Chatriot also does not mention the financial constraints that affected the functioning of the Office immediately after its creation in 1936. Chapters 5 and 6, devoted to the activity of the Office, do not dwell on the functioning of the tax imposed on producers or on the budget of the Office. However, the reader might find it useful to know that the Office was very costly to the State or that its operating costs were mainly covered by the tax imposed on producers. Of course, this was not the subject of this already imposing study, and it remains to be hoped that it will inspire other researchers to explore the details of the activity of the Office. Financial constraints are an integral part of the genesis of all public policies; as such, they deserve special attention.
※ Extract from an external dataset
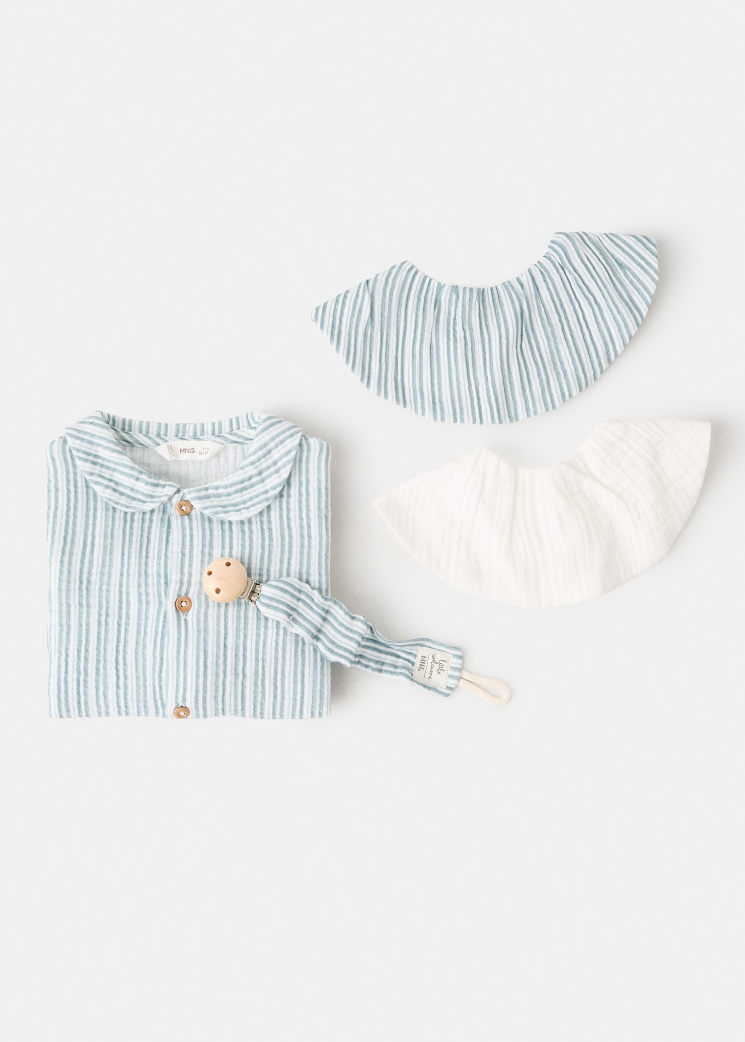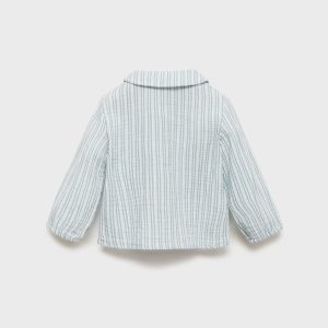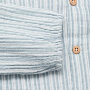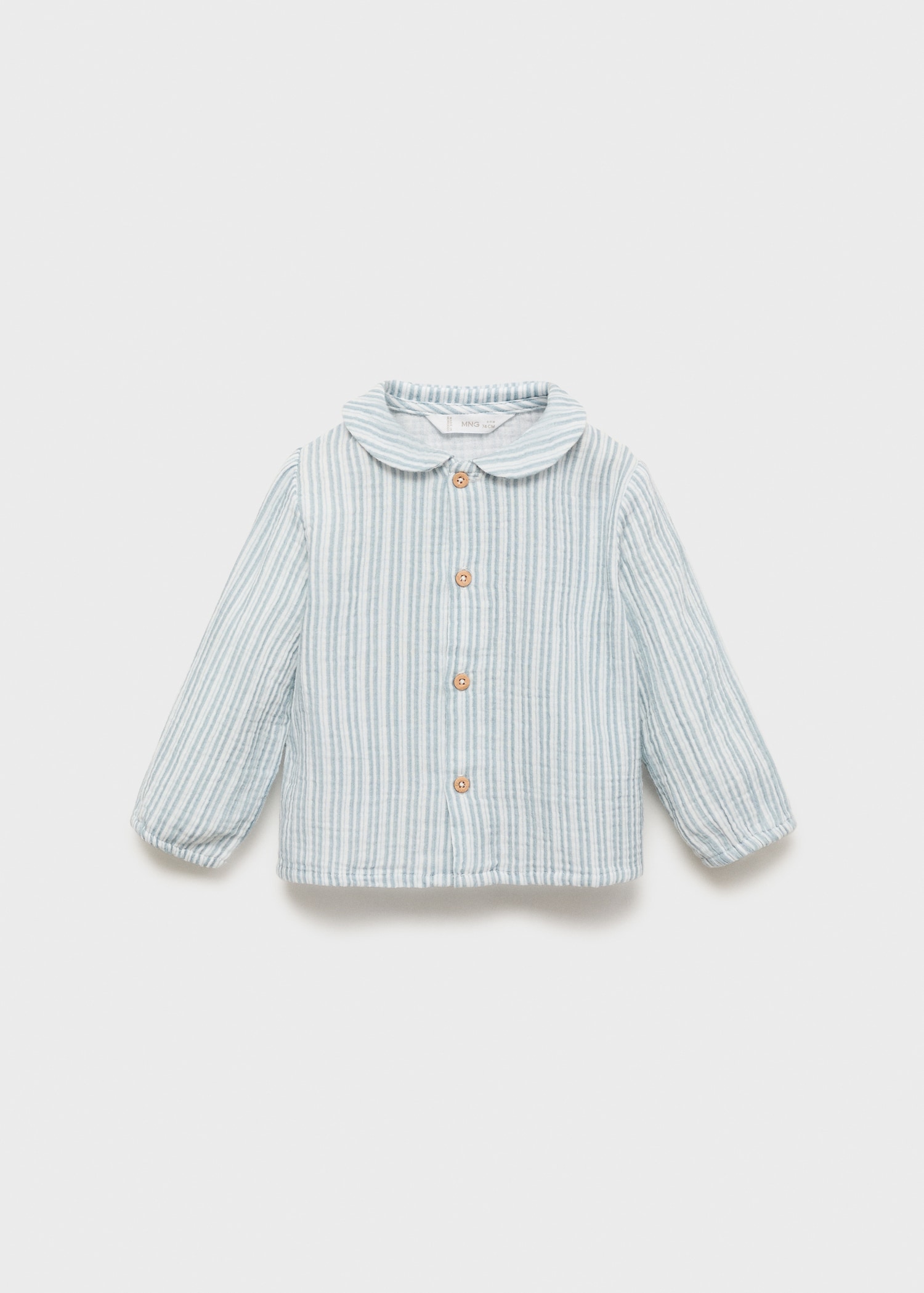 100% cotton fabric. Straight Design. Striped design. Peter Pan collar. Long Sleeve. Front button closure

But the richness of this book lies in the rigor and the relentless meticulousness with which the author describes the positions of a great many actors. Chatriot does not limit himself to studying the constitution of a political coalition, nor to describing administrative practices – he strives to carry out a pioneering work of historical sociology of the State. Even if the reader can sometimes get lost in the details, no one before Chatriot had brought together in a book such a wealth of documentation on the genesis of the National Interprofessional Wheat Office – which influenced for a long time not only French agricultural policies, but also the European Common Agricultural Policy. As such, this book constitutes an essential reference for the history of French agriculture between the two wars (the bibliography that closes the book is in itself a scientific success). But this work also calls for new research on the economic dimension of the policies of the 1930s.